In einer abschließenden Gesprächsrunde wurde diese Bedarfslage ausdrücklich bestätigt: Flüchtlingsarbeit ist Daueraufgabe. Dr. Andrea Hanke, Braunschweigs Sozialdezernentin, und Petra Schneutzer, Integrationsbeauftragte der Stadt Halle (Saale) berichteten von diesem Übergang auf den „Alltagsmodus“, insbesondere, was die Unterbringungsformen betrifft, betonten aber auch, dass nun die Aufgaben von wirksamer Integration und Teilhabe in den Vordergrund treten: Teilhabe an Bildung und Arbeitsmarkt werden zu den aktuellen großen Herausforderungen. Beide hoben die enge Zusammenarbeit mit den vor Ort aktiven Migrantenorganisationen hervor; an beiden Orten engagieren sich Verbünde, die zu NeMO gehören. Dr. Peyman Javahar-Haghighi vom MISO-Verbund Hannover berichtet ebenfalls von einem wachsenden städtischen Interesse am Beitrag von Migrantenorganisationen in der Flüchtlingsarbeit, hebt allerdings auch kritisch hervor, dass diese Zusammenarbeit noch keine verlässliche „institutionelle“ Form gefunden habe. Jörg Freese, Beigeordneter des Deutschen Landkreistages, brachte die „Fläche“ ins Spiel, d.h. die großen, eher ländlich oder kleinstädtisch geprägten Regionen, was für die Flüchtlingsarbeit in nahezu jeder Hinsicht besondere Anforderungen stelle. Auch sei die Präsenz von Migrationsorganisationen „in der Fläche“ in der Regel weniger ausgeprägt. Er unterstrich, dass eine wirksame kommunale Integrationsarbeit in hohem Maße auch von rechtlichen und vor allem auch finanziellen Rahmenbedingungen abhänge, die ihnen von Land und Bund eingeräumt werden.

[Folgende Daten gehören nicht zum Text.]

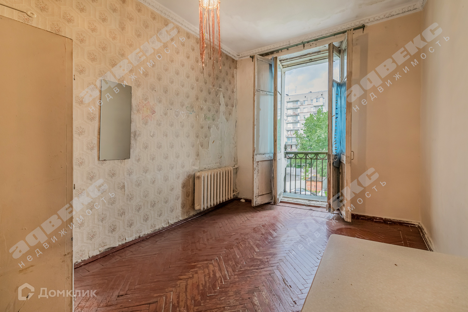 Светлая комната с балконом и высокими потолками.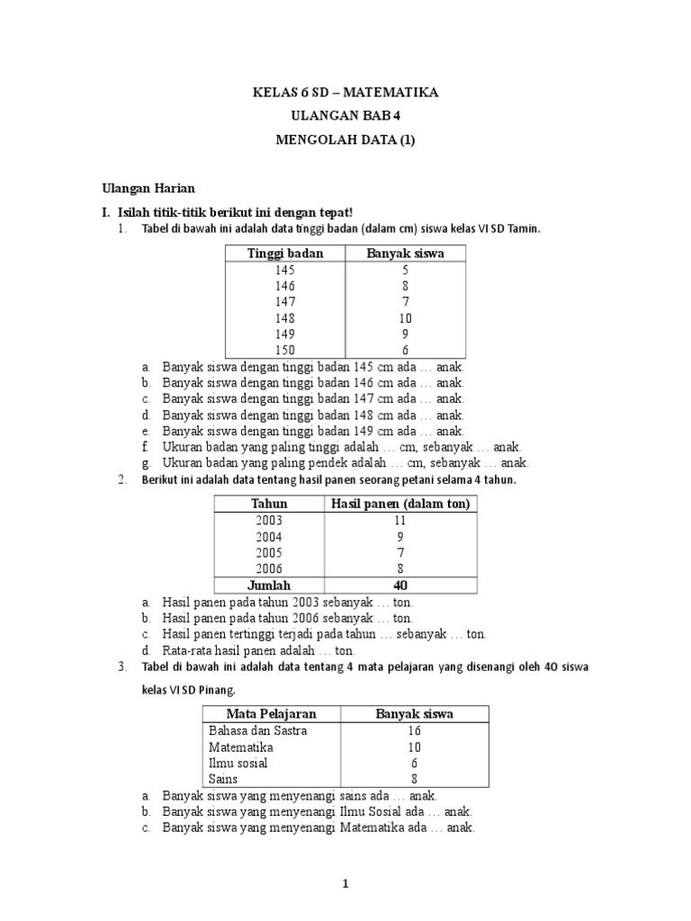 Soal Essay Matematika Kelas 6 Sd Semester 1

Aus der Sicht der Metropole Berlin, die zugleich Bundesland ist, nahm der Integrationsbeauftragte des Berliner Senats, Andreas Germershausen, Stellung. Er hob hervor, dass es bereits an lange und produktive Zusammenarbeit mit Migrantenorganisationen in der Integrationsarbeit gäbe, insbesondere mit jenen, die eine fachliche Professionalität herausgebildet hätten. Der von samo.fa verfolgte Ansatz, vermittels von Verbünden von Migrantenorganisationen einen differenzierten und kontinuierlichen Beitrag zur Flüchtlingsarbeit zu leisten, sei neuartig und sehr interessant; die wichtige Frage sei, wie dies mit bestehenden und in Entwicklung begriffenen Programmen zur Integration und Teilhabe von Geflüchteten verknüpft werden könne. Die Gesprächsrunde wurde zwischenzeitlich durch Fragen und Statements aus dem Plenum angeregt und erweitert.

Alle an samo.fa direkt beteiligten AkteurInnen nahmen jedenfalls am Ende aus den Ausführungen der Referentinnen und Referenten, den Hinweisen der „Kritischen Freundinnen und Freunde“ und der Gesprächsrunden eine wichtige Botschaft mit: Weitermachen!